Task objective: Omit every picture, then return each line of the data below exactly.

──────── Recorded information

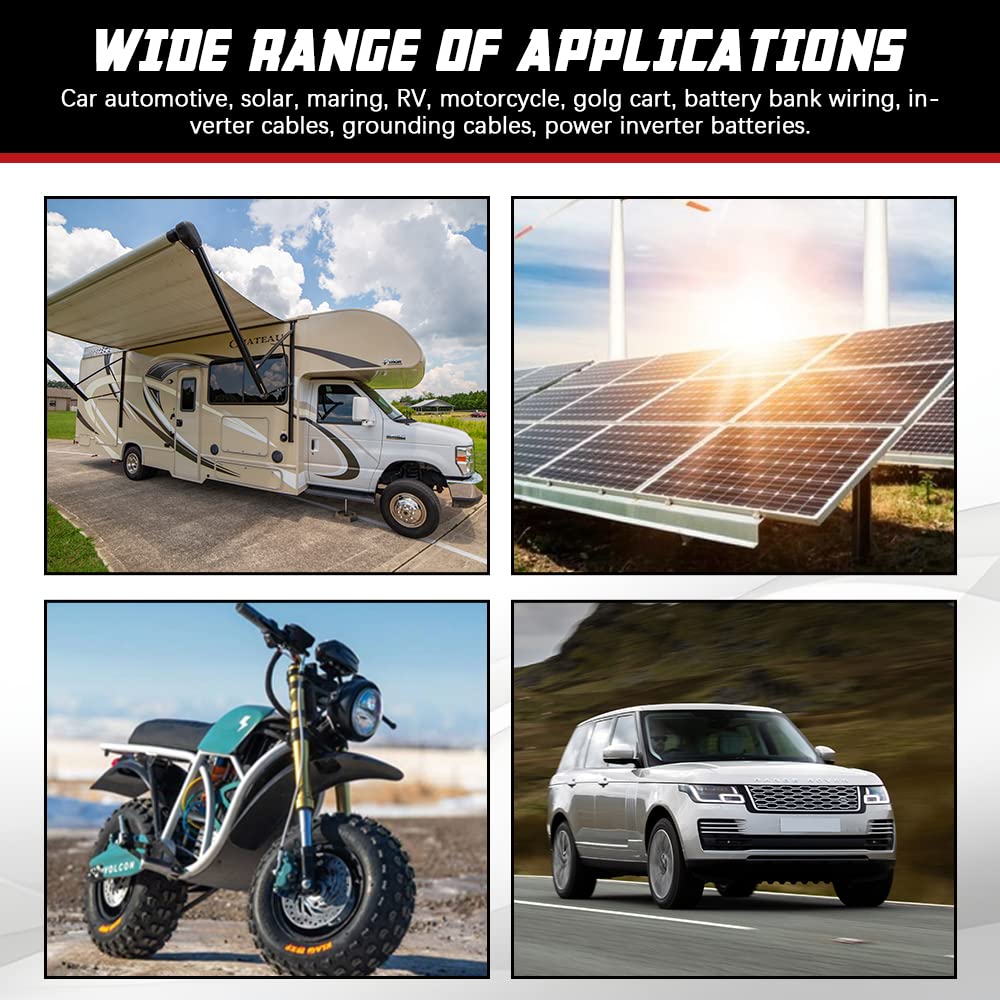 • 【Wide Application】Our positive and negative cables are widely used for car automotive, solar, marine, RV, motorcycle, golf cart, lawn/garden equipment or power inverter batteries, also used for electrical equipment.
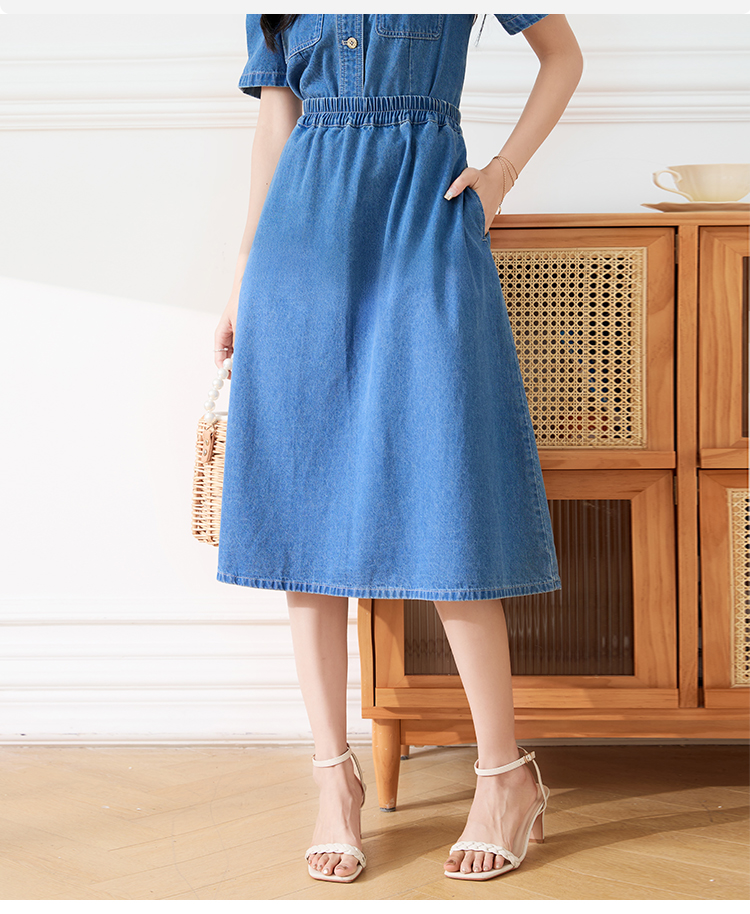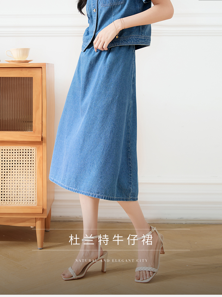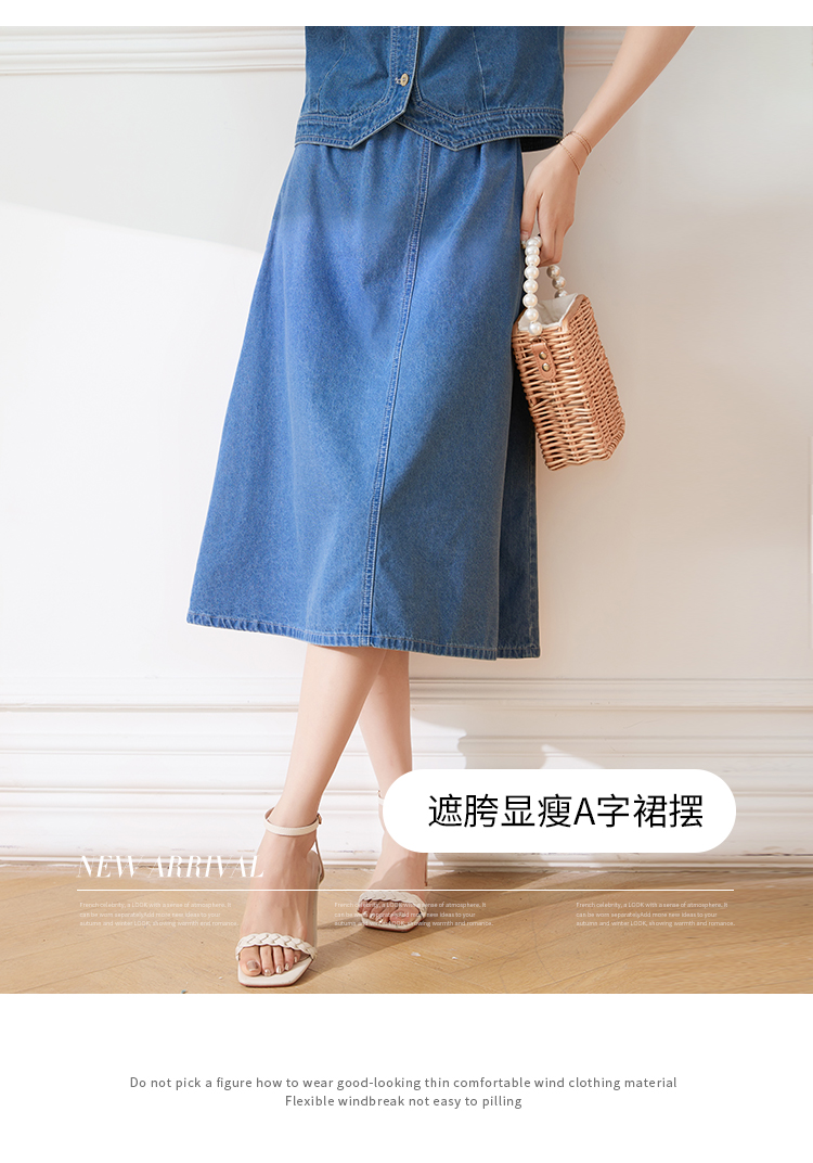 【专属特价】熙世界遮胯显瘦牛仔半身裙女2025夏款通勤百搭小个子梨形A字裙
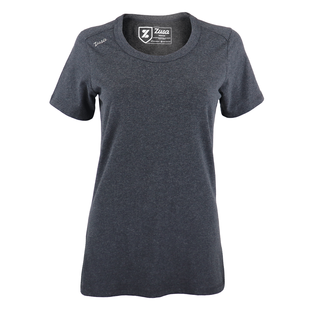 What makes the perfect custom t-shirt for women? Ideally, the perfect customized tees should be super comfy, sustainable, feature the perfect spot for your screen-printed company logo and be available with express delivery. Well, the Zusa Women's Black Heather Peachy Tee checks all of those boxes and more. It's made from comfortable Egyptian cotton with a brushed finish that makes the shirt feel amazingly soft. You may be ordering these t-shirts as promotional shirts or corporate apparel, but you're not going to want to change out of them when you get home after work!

────────────────

Output for this exercise:
 • 【Wide Application】Our positive and negative cables are widely used for car automotive, solar, marine, RV, motorcycle, golf cart, lawn/garden equipment or power inverter batteries, also used for electrical equipment.
 【专属特价】熙世界遮胯显瘦牛仔半身裙女2025夏款通勤百搭小个子梨形A字裙
 What makes the perfect custom t-shirt for women? Ideally, the perfect customized tees should be super comfy, sustainable, feature the perfect spot for your screen-printed company logo and be available with express delivery. Well, the Zusa Women's Black Heather Peachy Tee checks all of those boxes and more. It's made from comfortable Egyptian cotton with a brushed finish that makes the shirt feel amazingly soft. You may be ordering these t-shirts as promotional shirts or corporate apparel, but you're not going to want to change out of them when you get home after work!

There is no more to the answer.